This video condenses an entire year of weather into 8 minutes

Watching the weather is pretty much an all-year pastime for people in Britain. But thanks to the technological wonder of satellites, YouTube, time-lapse editing and the European Organisation for the Exploitation of Meterological Satellites, that process just became a lot more efficient.

EUMETSAT is a pan-European agency which takes responsibility for helping to launch and maintain many of the continent's satellites, and in doing so gather weather and climate data and deliver them around the world. The data specifically helps EUMETSAT deliver warnings to emergency services, and can help mitigate severe weather disasters including storms and flooding.

Naturally that means they have a lot of information about what the weather was like last year -- hot and wet, generally speaking -- and they have now helpfully combined it all into one, eight-minute video that shows the entire global weather system in 2015. The visualisation, above, comprises satellite data gathered with infrared satellites and superimposes it above Nasa's Blue Marble map of Earth, which changes with the seasons.
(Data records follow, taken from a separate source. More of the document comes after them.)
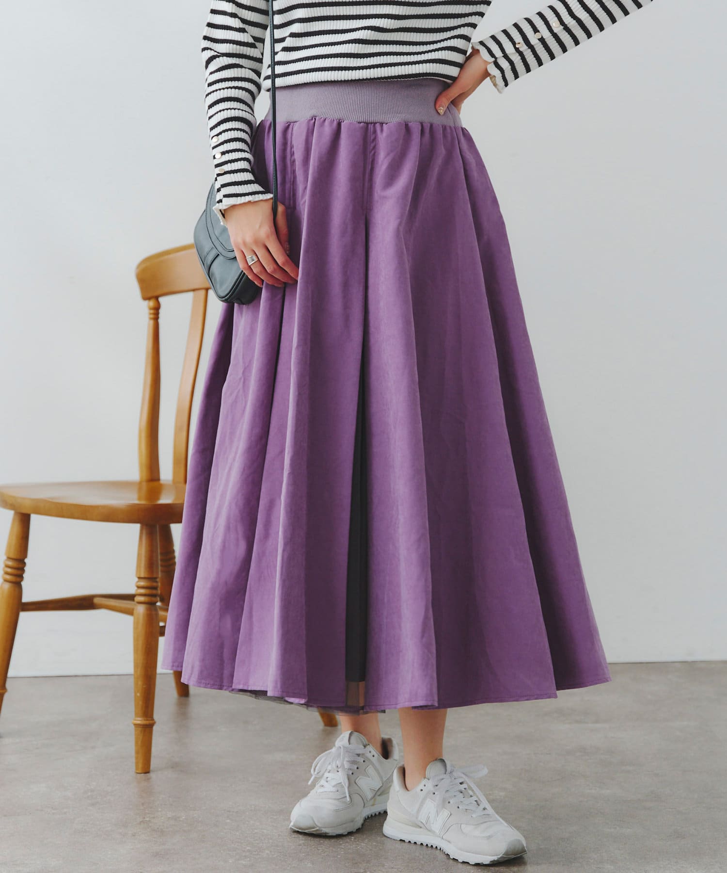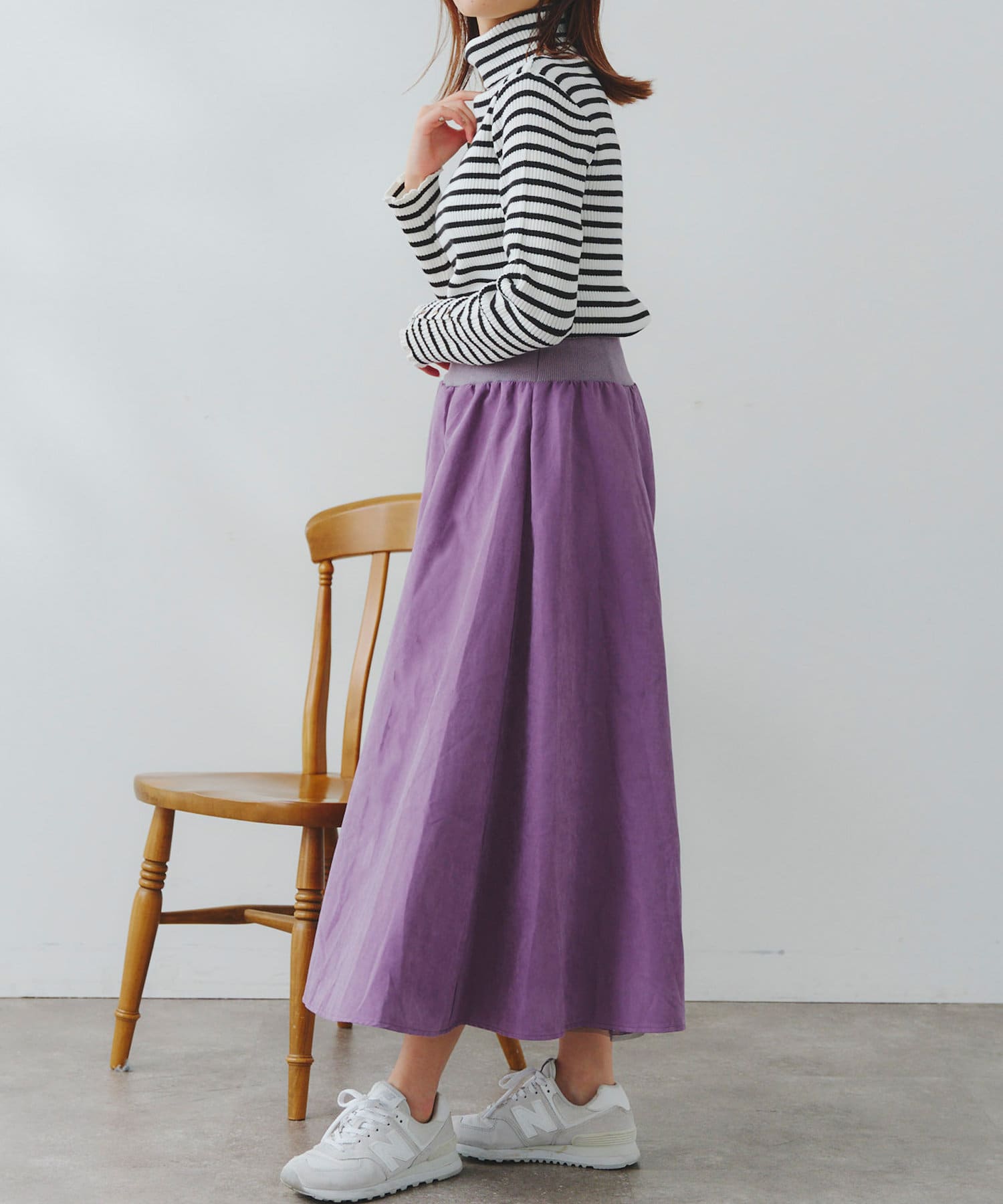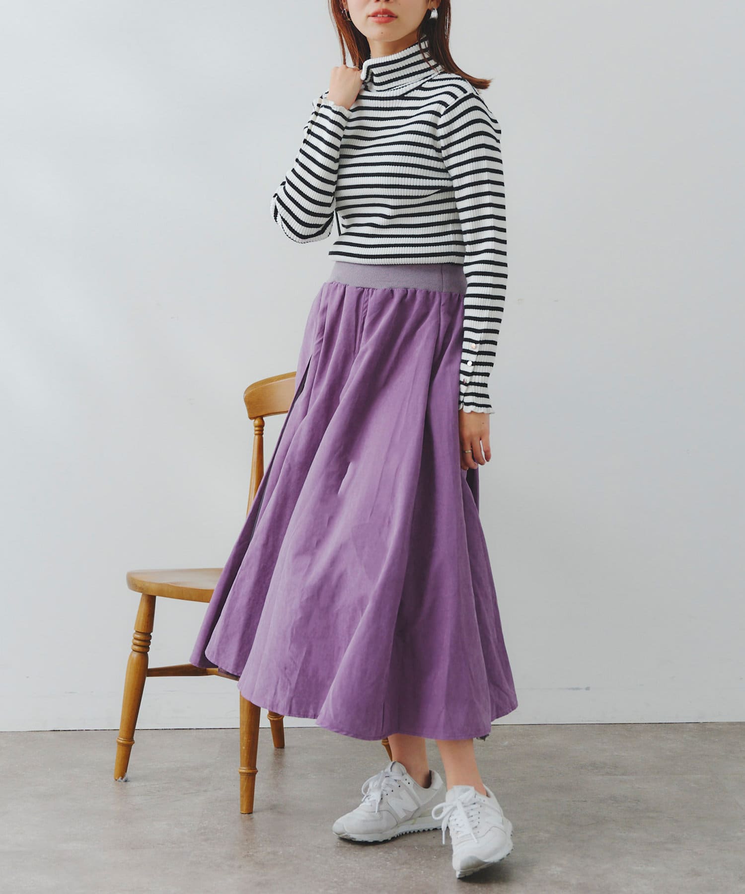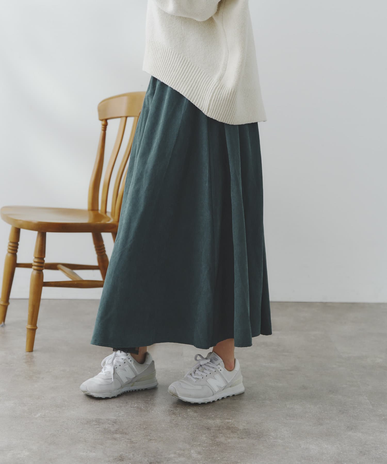 ふんわりとした広がりが軽やかな印象に見せてくれるので、ニットと合わせた時も重たくならず冬ファッションをフェミニンに彩ってくれます。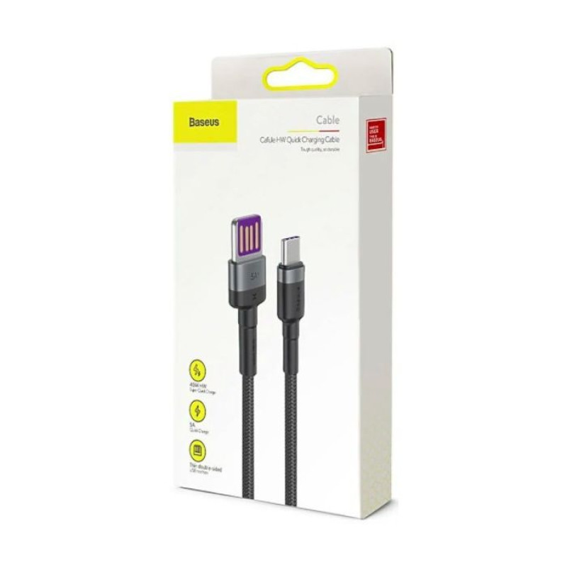 Baseus Cafule HW Quick Charging Data Cable USB для USB Type-C– це надійний і зручний кабель-перехідник для портативних пристроїв з роз'ємом USB Type C. З його допомогою можна заряджати та синхронізувати планшети, смартфони, електронні книги, колонки та інші пристрої з максимальною силою струму 5 А і потужністю до 40 Вт. Він відповідає всім вимогам, які висувають до мобільних аксесуарів сучасні користувачі. Аксесуар підтримує швидку зарядку Quick Charge 3.0 та Power Delivery 2.0, оснащений інтелектуальним чіпом, який адаптує напругу до конкретного пристрою, не ушкоджуючи його та не перегріваючи. Кабель виготовлений із застосуванням інноваційних технологій, складається з чотирьох мідних проводів, що забезпечують швидку та надійну передачу даних та зарядку пристроїв з роз'ємами USB-C.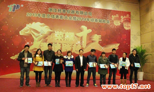 2013年1月24日,浙江托普儀器有限公司2013年度工作總結(jié)大會在海外海.納川大酒店隆重召開。經(jīng)過一上午的計劃總結(jié)大會后,下午迎來托普10周年之表彰大會。會議由銷售部張文超主持,表彰大會在奮進(jìn)的進(jìn)行曲中拉開了序幕。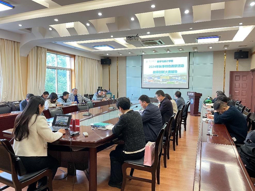 为了进一步推进我院2024年教师教学创新大赛的备赛工作,同时为了激发教师教学创新,探讨育人新途径,满足各专业发展和教师个人成长的需求,11月14日下午,我院在四楼会议室举办了以教师教学创新大赛为主题的特色教研活动,此次活动特邀Beat365外国语学院洪佳丽老师作经验分享,洪佳丽老师此前在第四届湖北省高校教师教学创新大赛中荣获一等奖,数学与统计学院全体教师共同参与了该项活动。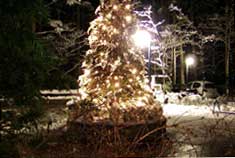 | ちょっと冒険してコブコブなんぞ行って Yちゃんに抗議されるが、ここまで来たら滑るしか下りる方法がないので滑ってもらい(暴) 山頂ではふところに忍ばせたBeerを山頂で楽しみ一日たっぷり初滑りを堪能しました。 16:00くらいにゲレンデを後にして、帰りがけに今日の宴のためのお買い物に行きます が、開いているスーパーが見当たりません、地元風の親子づれさんにスーパーの場所をきいて 無事にお買い物できました、ありがとーお父さん!! 秘密基地に帰還し、ここからはお料理上手なTさんがお夕飯の支度をしてくれます、 お手伝いもあまりいらないみたいなので(なんて素敵♪)、私とYちゃん女子のみで温泉の大浴場で向かいます 途中エントランスから雪の中にあるクリスマスツリーが見えました、とってもロマンチック。 そういえばもうすぐクリスマスだったね。 |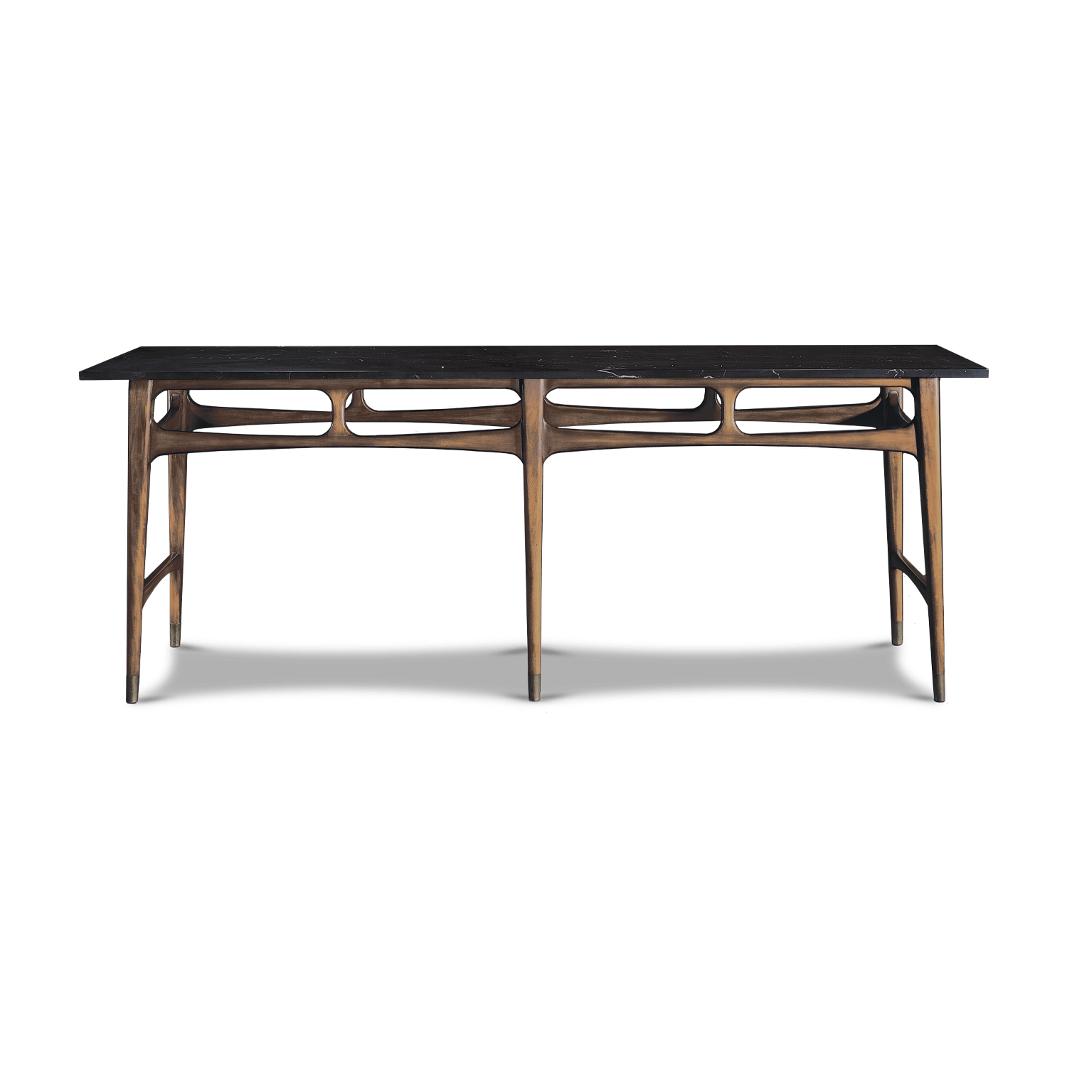 La consola Alzey tiene un diseño moderno de mediados del siglo. Cuenta con una cubierta de mármol que contrasta con su base de madera, creando una armoniosa fusión de materiales. Los casquillos de latón en las patas reflejan la tendencia de la época de combinar diferentes materiales. Desde la elegante superficie de mármol hasta los detalles de latón en las patas, los elementos de diseño de esta mesa capturan a la perfección el espíritu innovador de la era de mediados del siglo, en la que la funcionalidad se entrelazaba con el lujo, y los materiales se combinaban para crear piezas de mobiliario atemporales y elegantes.

The data also includes information gathered by NOAA (US National Oceanic and Atmospheric Administration) and the JMA (Japan Meteorological Agency).

Mark Higgins, Training Manager at EUMETSAT, commentates the video. "One of the challenges of meteorological forecasting is to make people aware of what's coming appropriately," he says, as the video approaches winter and shows several storms hurtling into the UK. "The UK and Ireland worked in 2015 to name storms, in part to warn people of significant storms as they are coming," he continues, as Storm Abigail, Barney, Clodagh, Desmond and Eve barrel into the British Isles in the animation.

Sadly it would appear that the weather systems affecting more or less the entire globe will continue to be disrupted and violent over the coming year -- so as you're being pummelled by rain, snow and ice, or baked in the hot summer sun later in 2016, at least you can take some small solace in knowing it will make for another interesting EUMETSAT video in about six months' time.